-- DATA TO USE --
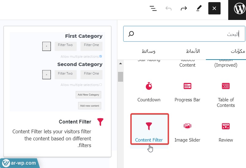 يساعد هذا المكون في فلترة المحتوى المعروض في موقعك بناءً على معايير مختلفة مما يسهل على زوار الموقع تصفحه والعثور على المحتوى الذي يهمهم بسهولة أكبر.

--

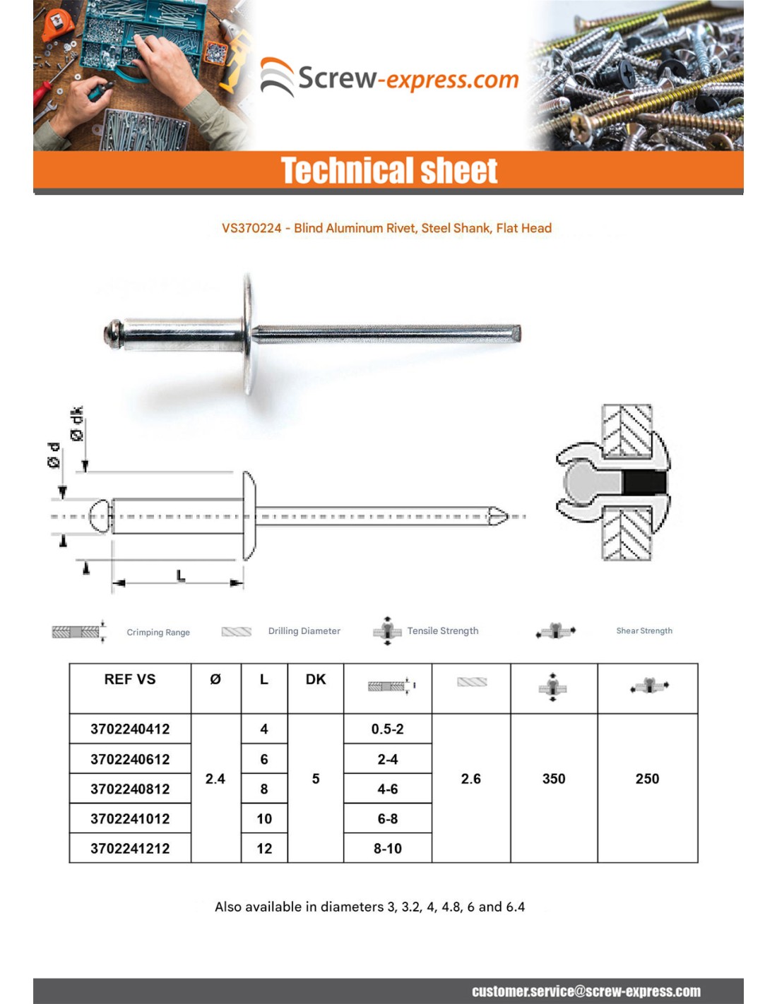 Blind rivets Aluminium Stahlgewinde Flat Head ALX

---

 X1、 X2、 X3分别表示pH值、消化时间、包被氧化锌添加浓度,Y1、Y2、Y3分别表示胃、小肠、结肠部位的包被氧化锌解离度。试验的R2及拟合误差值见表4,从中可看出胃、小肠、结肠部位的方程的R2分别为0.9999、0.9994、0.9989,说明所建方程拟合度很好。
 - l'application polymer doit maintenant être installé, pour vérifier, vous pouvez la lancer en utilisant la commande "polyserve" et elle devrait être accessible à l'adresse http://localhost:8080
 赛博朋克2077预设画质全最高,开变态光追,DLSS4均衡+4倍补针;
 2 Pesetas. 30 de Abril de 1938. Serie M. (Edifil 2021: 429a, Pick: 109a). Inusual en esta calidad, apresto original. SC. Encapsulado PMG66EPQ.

-- TASK DESCRIPTION --
Could you repeat exactly the lines in the listing above from the one with "赛博朋克2077预设画质全最高,开变态光追,DLSS4均衡+4倍补针;" down to the one with "2 Pesetas. 30"? Include both of those lines.

-- YOUR SOLUTION --
 赛博朋克2077预设画质全最高,开变态光追,DLSS4均衡+4倍补针;
 2 Pesetas. 30 de Abril de 1938. Serie M. (Edifil 2021: 429a, Pick: 109a). Inusual en esta calidad, apresto original. SC. Encapsulado PMG66EPQ.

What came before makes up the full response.